THE DATA
━━━━━━━━
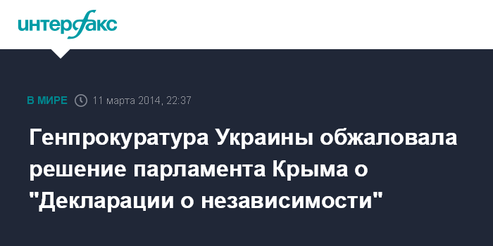 "Генеральная прокуратура Украины заявила в Окружной административный суд г. Киева требования об отмене принятых 11 марта 2014 Верховным Советом АР Крым и Севастопольским городским советом решений об утверждении "Декларации о независимости Автономной Республики Крым и г. Севастополя", которой предусмотрено по результатам назначенного на 16.03 .2014 республиканского референдума по вопросам территориальной принадлежности Крыма объявление Республики Крым независимым и суверенным государством и обращение к Российской Федерации с предложением о принятии Республики Крым в состав Российской Федерации в качестве нового субъекта", - говорится в сообщении пресс-службы.
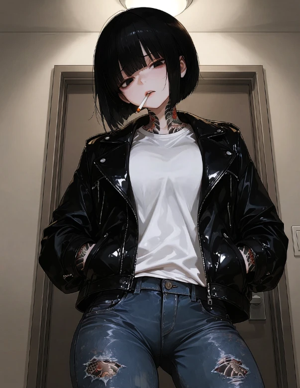 하얀 티셔츠와 검은 가죽 재킷, 찢어진 청바지 아래에는 목덜미부터 발목까지 이어지는 살벌한 전신 이레즈미 문신이 뱀처럼 감겨 있다.
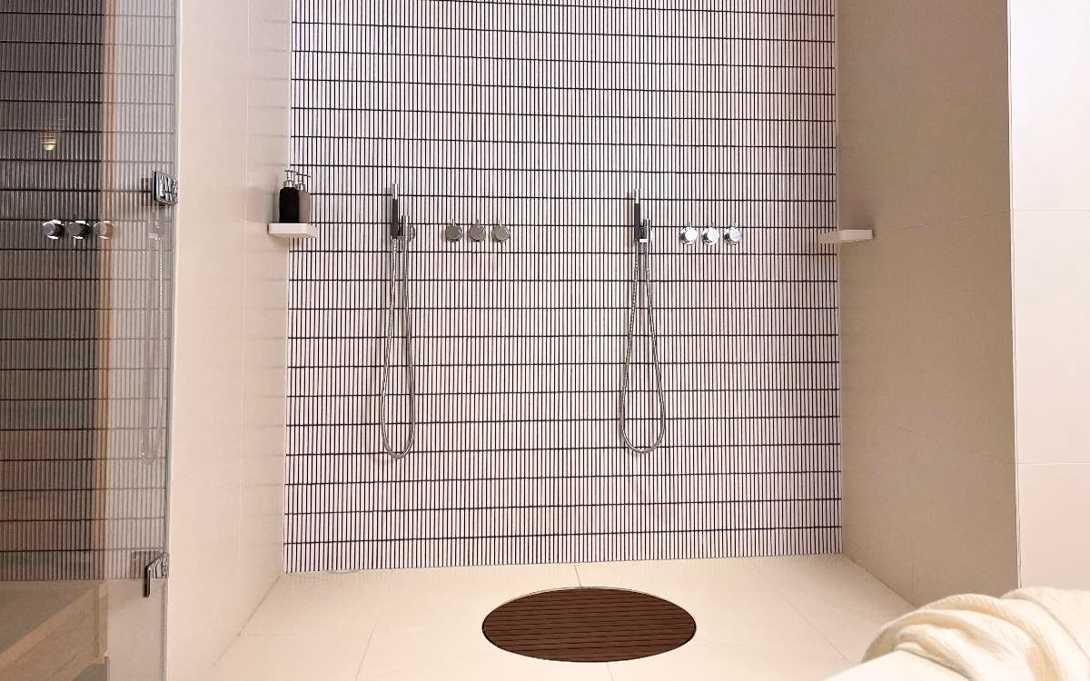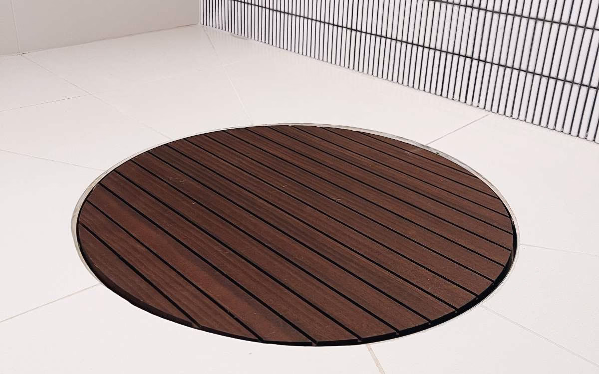 I husets badrum domineras taket av husets karaktäristiska mörka träslöjd, och det ekar underbart på golvet av den träbearbetade Kebony trä Vieser Dot design golvbrunnslock. Runt Vieser Dot har de stora golvplattorna kapats i segment, vilket resulterat i en vacker och jämn kakelfördelning och funktionella rännor.
━━━━━━━━
ABOUT THIS EXERCISE
Repeat each line of the material exactly, please, and skip every picture.

SOLUTION TO THIS EXERCISE
 "Генеральная прокуратура Украины заявила в Окружной административный суд г. Киева требования об отмене принятых 11 марта 2014 Верховным Советом АР Крым и Севастопольским городским советом решений об утверждении "Декларации о независимости Автономной Республики Крым и г. Севастополя", которой предусмотрено по результатам назначенного на 16.03 .2014 республиканского референдума по вопросам территориальной принадлежности Крыма объявление Республики Крым независимым и суверенным государством и обращение к Российской Федерации с предложением о принятии Республики Крым в состав Российской Федерации в качестве нового субъекта", - говорится в сообщении пресс-службы.
 하얀 티셔츠와 검은 가죽 재킷, 찢어진 청바지 아래에는 목덜미부터 발목까지 이어지는 살벌한 전신 이레즈미 문신이 뱀처럼 감겨 있다.
 I husets badrum domineras taket av husets karaktäristiska mörka träslöjd, och det ekar underbart på golvet av den träbearbetade Kebony trä Vieser Dot design golvbrunnslock. Runt Vieser Dot har de stora golvplattorna kapats i segment, vilket resulterat i en vacker och jämn kakelfördelning och funktionella rännor.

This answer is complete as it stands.